I might guess you answered that Christ is not present in the Lord's Supper. A typical Presbyterian will affirm Christ's spiritual presence, which Zwingli did not.
Side note: Isn't "Zwinglian" a great word?


----------



## Romans922 (Oct 29, 2014)

Jack K said:


> Traditional Continental Reformed



How does one in the PCA get "Traditional *Continental *Reformed"?


----------



## Jack K (Oct 29, 2014)

Romans922 said:


> Jack K said:
> 
> 
> > Traditional Continental Reformed
> ...



I grew up CRC, and my thinking is still largely informed by the Dutch tradition.
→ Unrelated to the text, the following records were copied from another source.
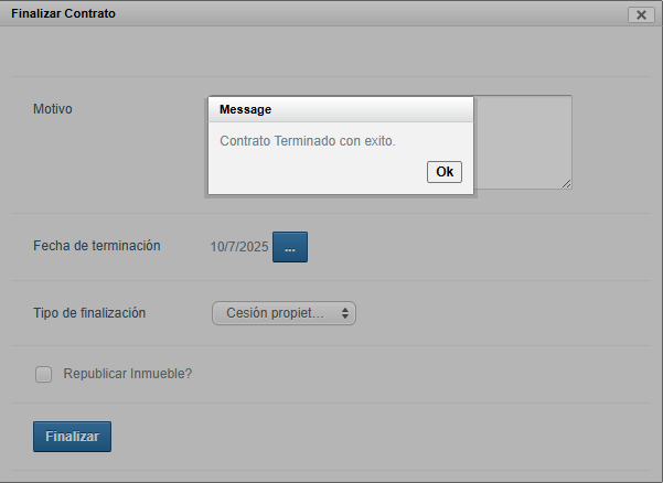 - En este punto se debe gestionar la terminación del contrato anterior que queda en estado En Cesión para Liberar la propiedad para el nuevo contrato ya que el sistema no permite que se tengan 2 contratos en estado Vigente, el motivo de la finalización debe ser Cesión propietario.
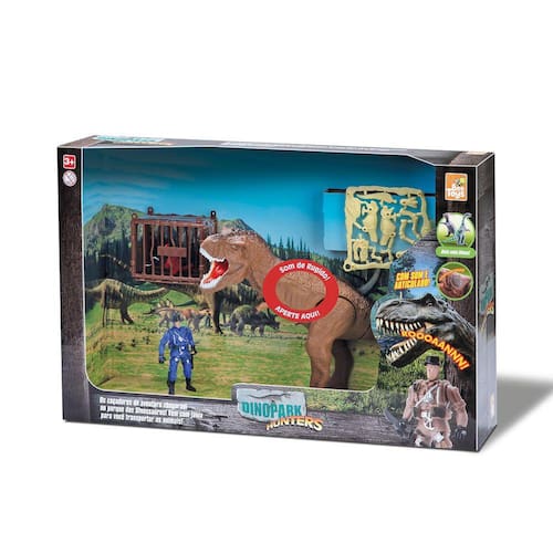 Conteúdo da Embalagem: 01 DinoPark Hunters com Bom Som 571 Bee Toys 01 Jaula 01 Boneco
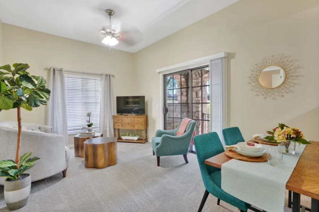 Carefree Assisted Living Center’s essential services that help residents live worry-free include transportation, meal plans, laundry, housekeeping, a dining room, lounge areas, a fireplace, a library, and 24/7 nursing care.
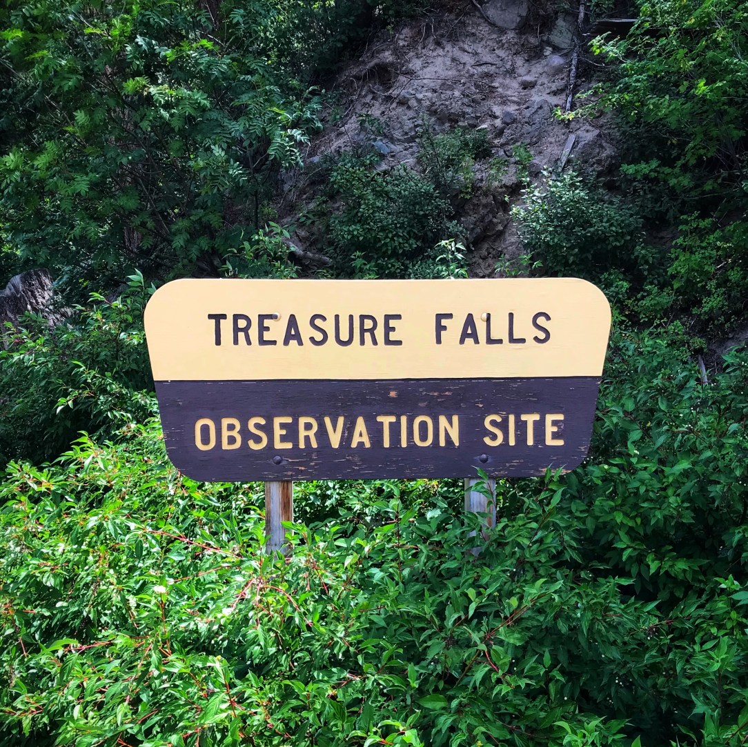 On the way up to Wolf Creek Pass out from Pagosa Springs there are a couple of places to stop. One is a scenic overlook that was closed while we were there. The other stop is Treasure Falls. This is a short trail (.6 mile loop) with a small parking lot that gets busy on
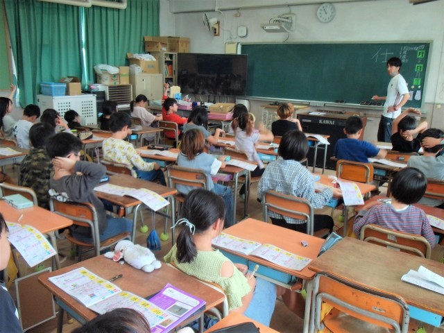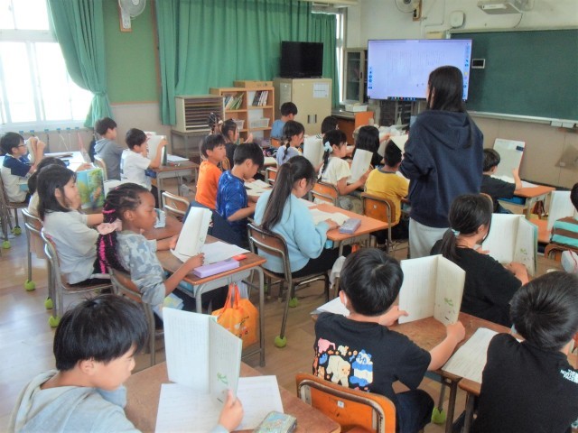 1組は新出漢字の学習をしていました。2組は国語で両手で教科書を持って音読をしていました。
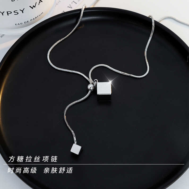 方糖拉丝项链女简约精致小众设计感长款毛衣链2025新款爆款配饰品
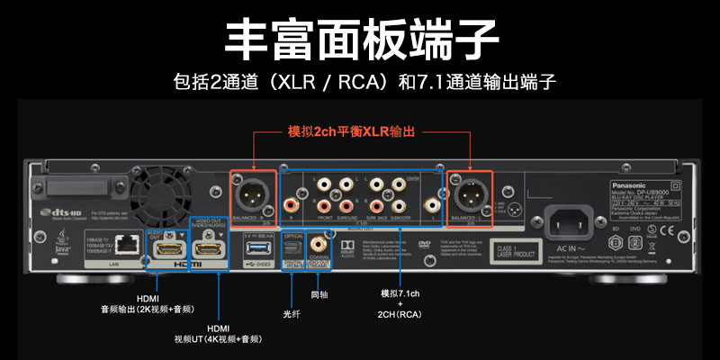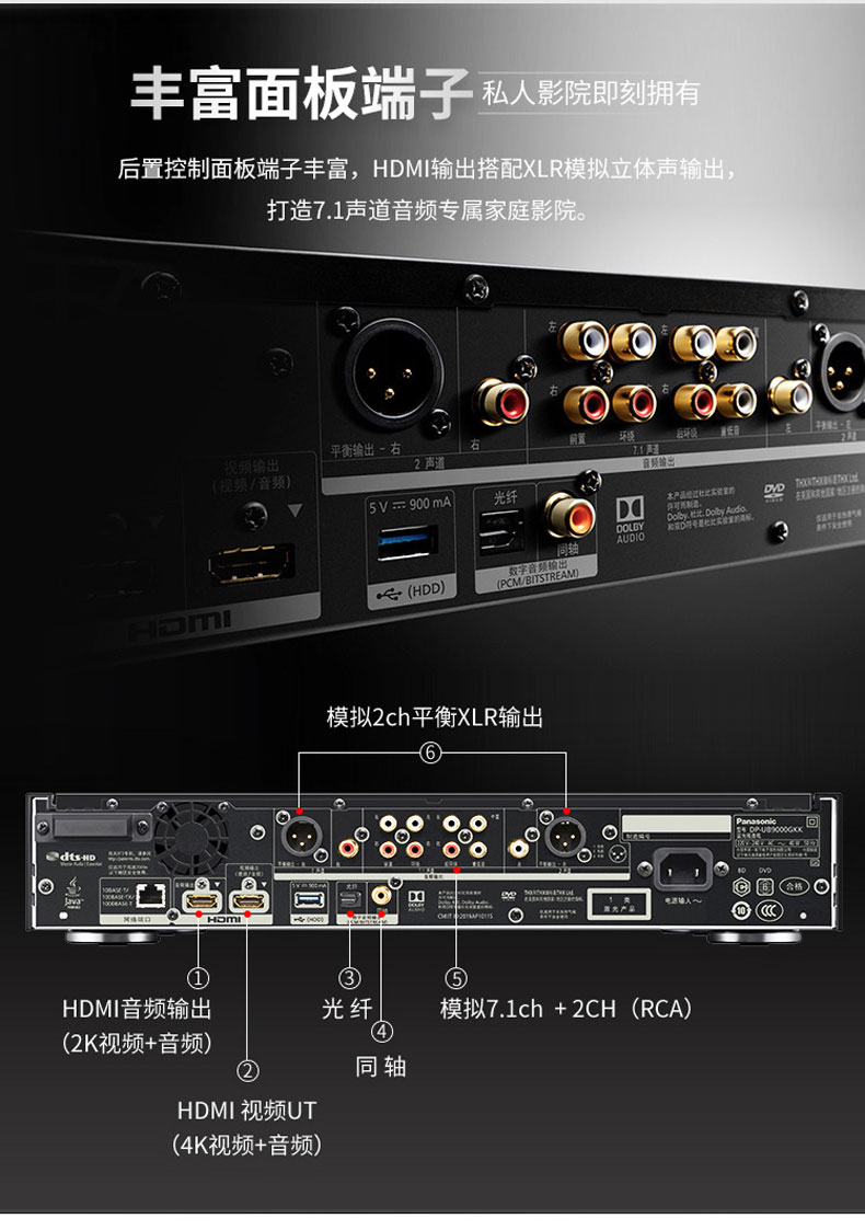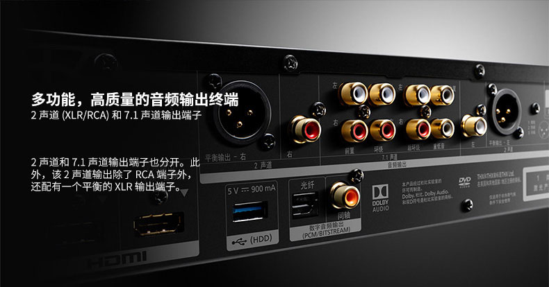 HDMI输出搭配XLR模拟立体声输出,打造专属家庭影院
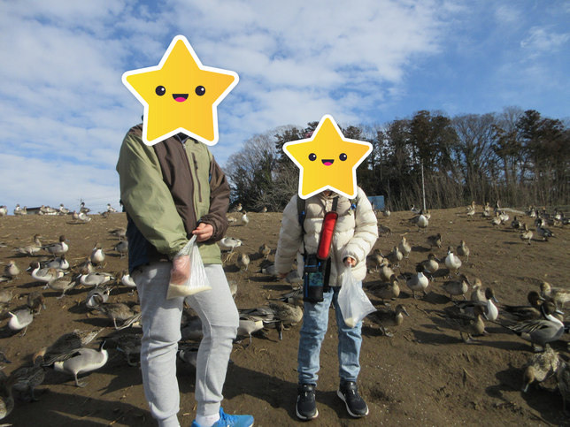 「わー!いっぱいいるー!」「先生パン持ってるとカモが近づいてくるよ!」
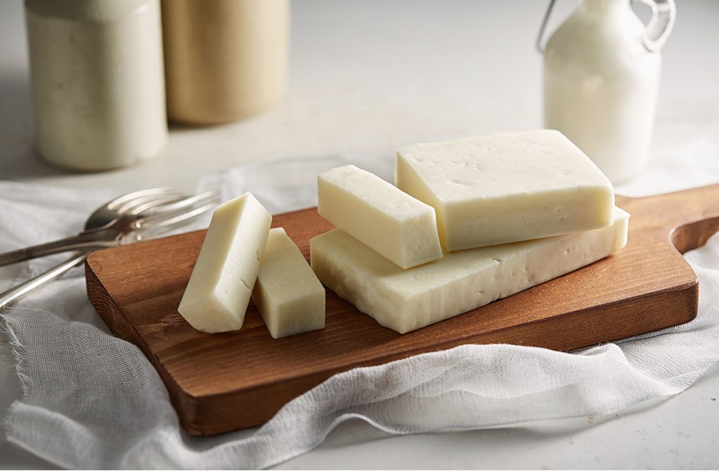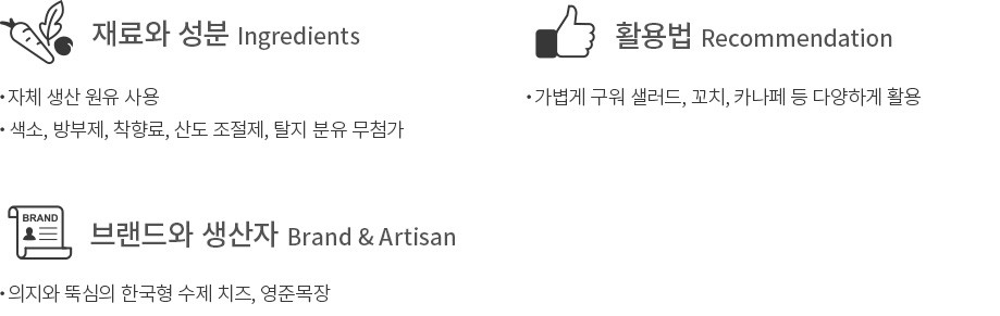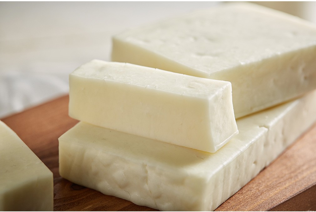 ・특징 : 구이용으로 만든 치즈입니다. 손으로 눌러 커드에 남은 유청을 더 빼는 ‘니딩’ 방식으로 독특한 조직감을 자랑해요.
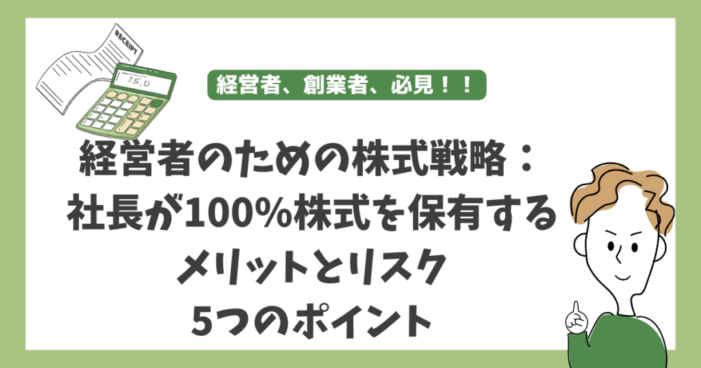 【決定版】経営者のための株式戦略:社長が100%株式を保有するメリットとリスク 5つのポイント
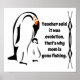 Padre del emperador Pingüino junto a su hijo. Las imágenes se han hecho en un sencillo estilo de lápiz negro y orgánico. El pingüino de papá y la chica joven se han hecho en línea negra, y el pingüino adulto macho tiene un naranja de color en el cuello. Concedo que no estoy realmente seguro del sexo de la chica bebé, podría ser un niño o un chica. A la derecha está la frontera tribal negra. Entre la frontera y el pingüino, hay un espacio vacío con un texto cambiable que dice: "El profesor dijo que era evolución, por eso mamá se fue de pesca".
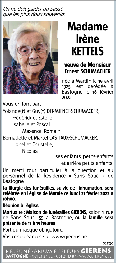 Décédée à Bastogne (6600) le mercredi 16 février 2022 à l'âge de 96 ans
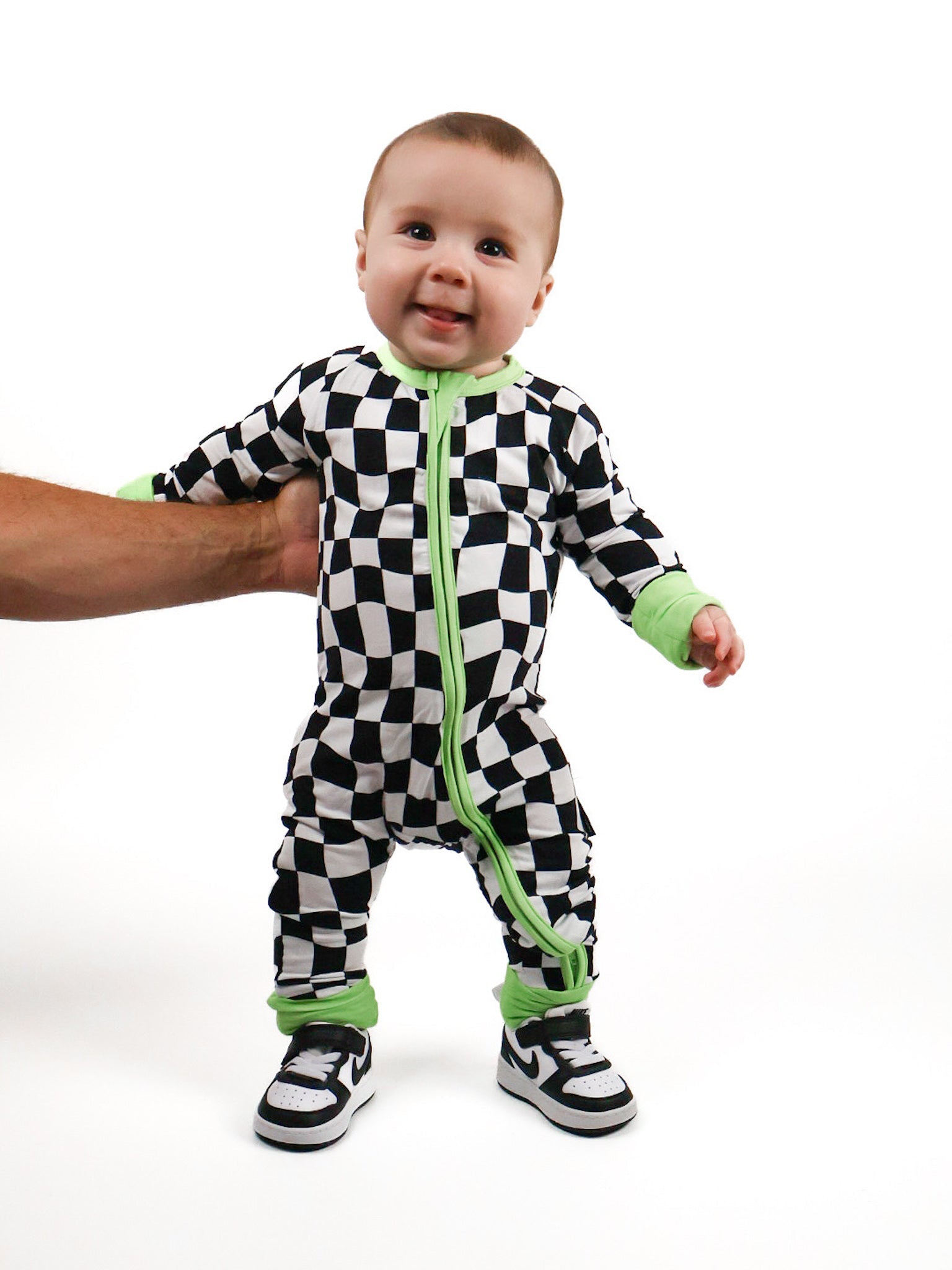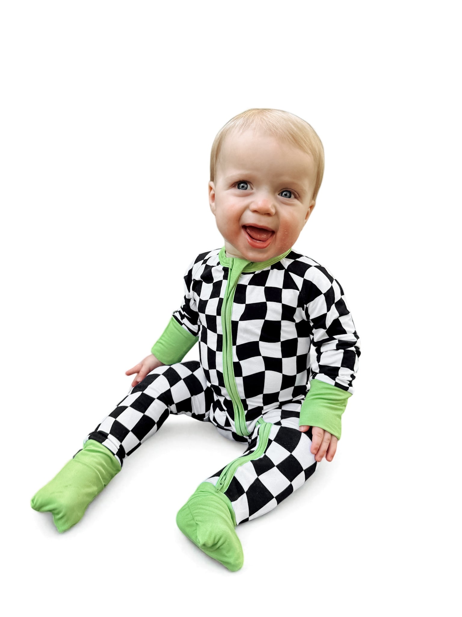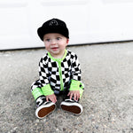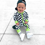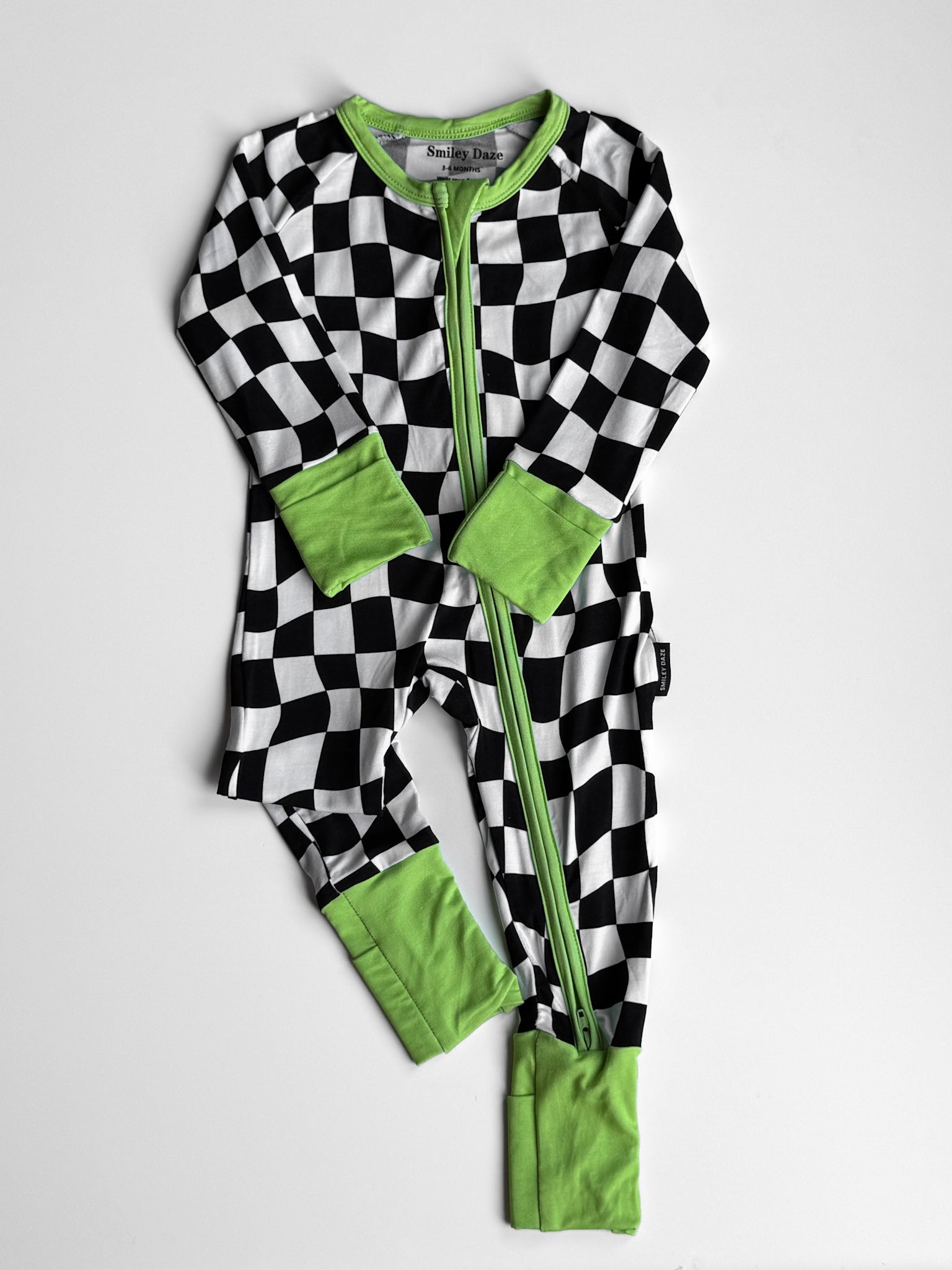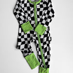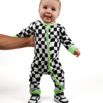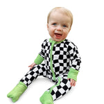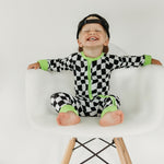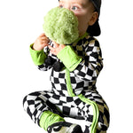 Say hello to bedtime with a twist. The Twilight Zone Zippies are made from buttery-soft, breathable bamboo — perfect for daydreams, playtime, or lights-out snuggles. Featuring a bold warped checkered print with electric green trim, this sleeper brings a little chaos (the cute kind) to your baby’s nighttime wardrobe.

There just aren't so many solid churches from that heritage around anymore, at least not in the places I've lived for the past 30 years, so I've migrated into PCA circles. The difference is minimal, but probably showed up in the quiz when I selected a confession. I picked what I would go with if forced to choose between them and if church availability were not an issue, which is the Three Forms of Unity.


----------



## NB3K (Oct 29, 2014)

I was put into Traditional continental reformed.


----------



## Lito Nosa (Oct 31, 2014)

Finally a reformed baptist after liberation of conscience from pentecostal, word-of-faith, arminianism and dispensationalism (a potent brew). The Lord had mercy on me and rescued me. Now a 5-pointer Calvinist, 5-solas reformist, historic premilennial eschaton, credo-baptist, LBCF 1689 (mostly)


----------



## Sensus Divinitas (Nov 1, 2014)

Jack K said:


> Side note: Isn't "Zwinglian" a great word?



Yes. Yes it is.


----------



## covenantergirl23 (Nov 3, 2014)

I got Traditional Westminister Reformed.


----------